Scientific classification
- Kingdom: Animalia
- Phylum: Chordata
- Class: Actinopterygii
- Order: Perciformes
- Family: Percidae
- Genus: Ammocrypta
- Species: A. beanii
- Binomial name: Ammocrypta beanii D. S. Jordan, 1877

= Naked sand darter =

- Genus: Ammocrypta
- Species: beanii
- Authority: D. S. Jordan, 1877
- Conservation status: LC

Species of fish

The naked sand darter (Ammocrypta beanii) is a species of freshwater ray-finned fish, a darter from the subfamily Etheostomatinae, part of the family Percidae, which also contains the perches, ruffes and pikeperches. It is found in the south-eastern United States.

==Description==
The naked sand darter is a small fish ranging in size from 40 to 50 mm long, the maximum being around 64 mm standard length. Being a long thin darter, it is devoid of scales with the exception of a few rows above and below the lateral line and sometimes the caudal peduncle. Slightly transparent in life with a yellow color and iridescent operculum, the naked sand darter blends in with its habitat. It has darker bands in the dorsal, anal, and caudal fins with a whitish base and tip. Males of breeding size have a dark spot at the front of the first dorsal fin. Unlike similar darters, it does not have an opercular spine.

==Diet==
Larvae of small fish are the primary source of food for naked sand darters. They also feed on clam larvae or smaller crustaceans like copepods depending on their size. Naked sand darters feed continuously throughout the day, but stop at night. They also feed less in winter and summer months then pick back up before and after breeding season.

==Habitat==
Naked sand darters prefer the sandy bottoms of clean, freshwater rivers and streams. They can be found about 1 m deep on the bottom, digging into the sand to wait for prey to swim by.

==Distribution==
They can be found exclusively along the Gulf of Mexico in the rivers and drainages of eastern Louisiana to as far east as the Mobile Bay drainage in Alabama. Naked sand darters have been found as far north as West Tennessee.

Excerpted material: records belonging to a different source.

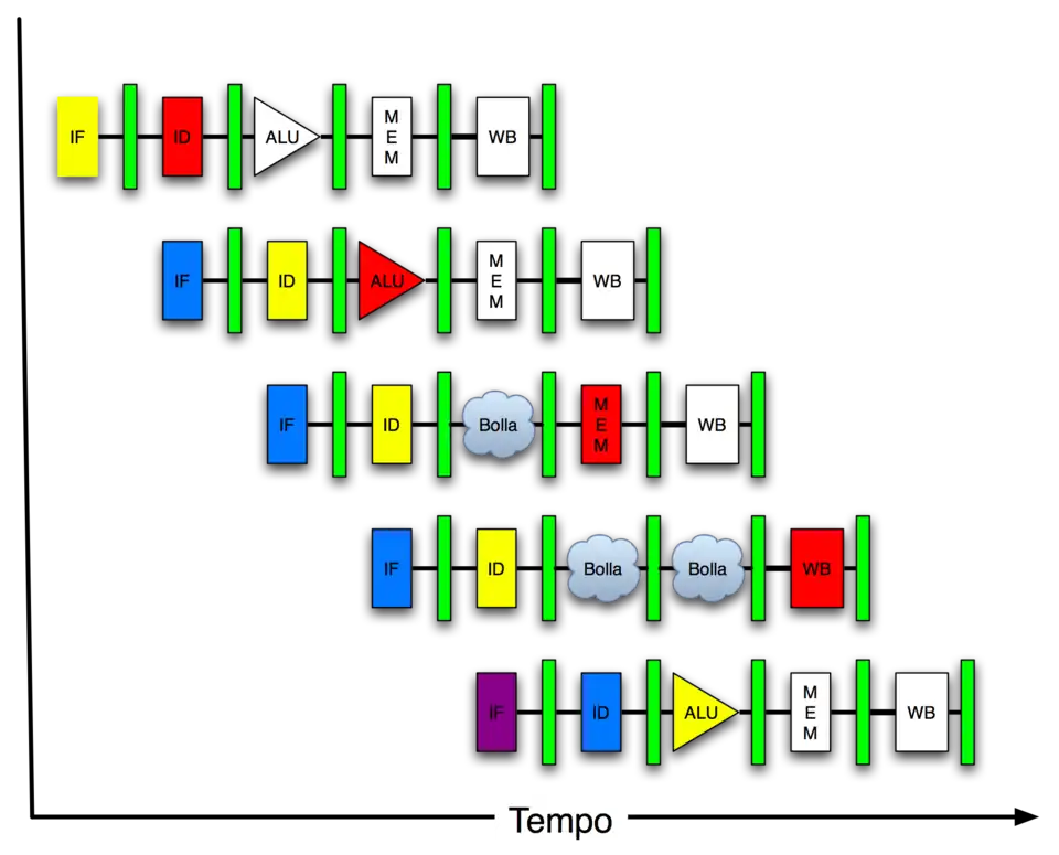In this image we can see "bubbles" drawn where data hazards occur. A bubble signifies that the instruction has stalled in the pipeline until a previous instruction completes. Once the previous instruction has completed, the stalled instruction continues moving.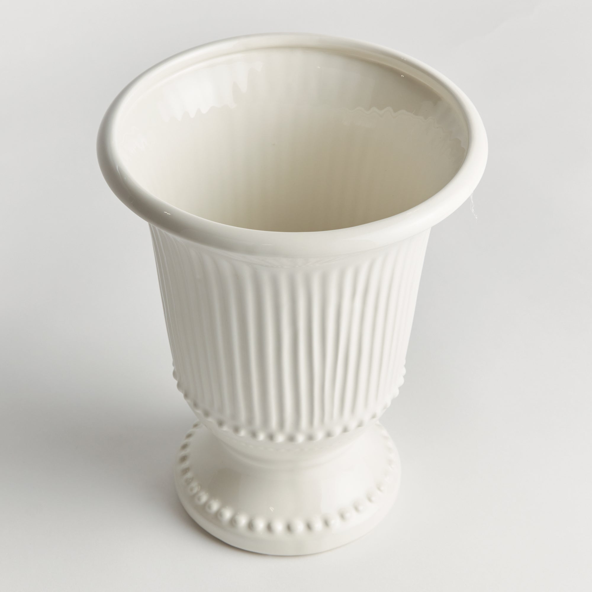 Decorative interior use only. Do not use with water or plant directly into. Use only with inner pot or liner. Do not use harsh chemicals.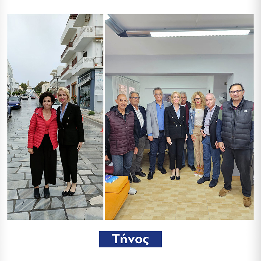 Έπειτα, η Κατερίνα Μονογυιού επισκέφτηκε την Τήνο, όπου πραγματοποίησε συναντήσεις εργασίας με την Έπαρχο Τήνου κ. Αναστασία Δεληγιάννη και στη συνέχεια με μέλη της ΔΗΜ.Τ.Ο Τήνου. Η Κατερίνα Μονογυιού επισκέφτηκε την Παναγία της Τήνου και το Μοναστήρι της Αγίας Πελαγίας για προσκύνημα. Η υποψήφια βουλευτής περιόδευσε σε δύο χωριά του νησιού, επισκέφτηκε τοπικά καταστήματα και συνομίλησε με επιχειρηματίες και εργαζόμενους.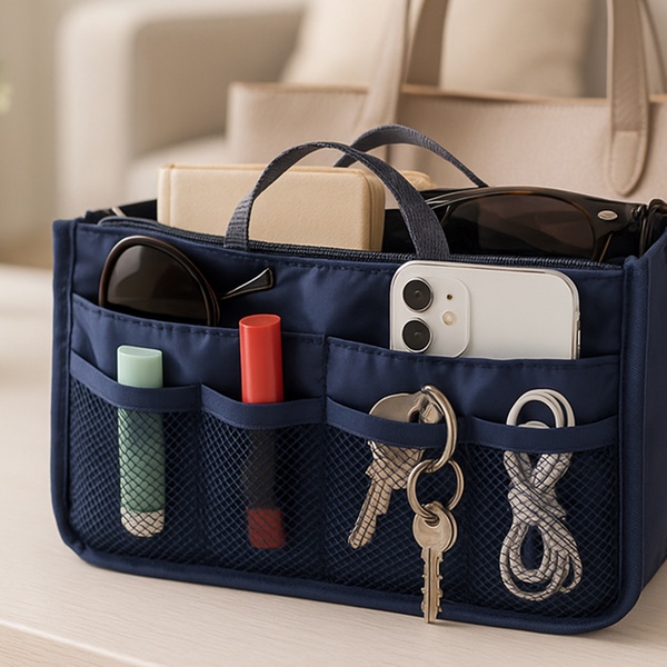 - Open the handbag organiser and insert the items into the various pockets

==Reproduction and lifecycle==
Breeding season is from March or April until September or October when water temperatures are between 17 and 29 °C. Males develop tubercles on their anal and pelvic fins to aid in fighting for females. Females can produce from 12–122 eggs at a time and reach sexual maturity after a year. They only live 24 to 30 months.

==Taxonomy and etymology==
The naked sand darter was first formally described in 1877 by the American ichthyologist David Starr Jordan (1851–1931) with the type locality given as the Natalbany River, near Tickfaw, Louisiana. It is the type species of the genus Ammocrypta, which Jordan also originally described. The genus name, Ammocrypta, comes from the Greek word ammos meaning sand and the Greek kryptos meaning hidden. The specific name, beanii, comes from the first collector of the species, Tarleton H. Bean (1846–1915).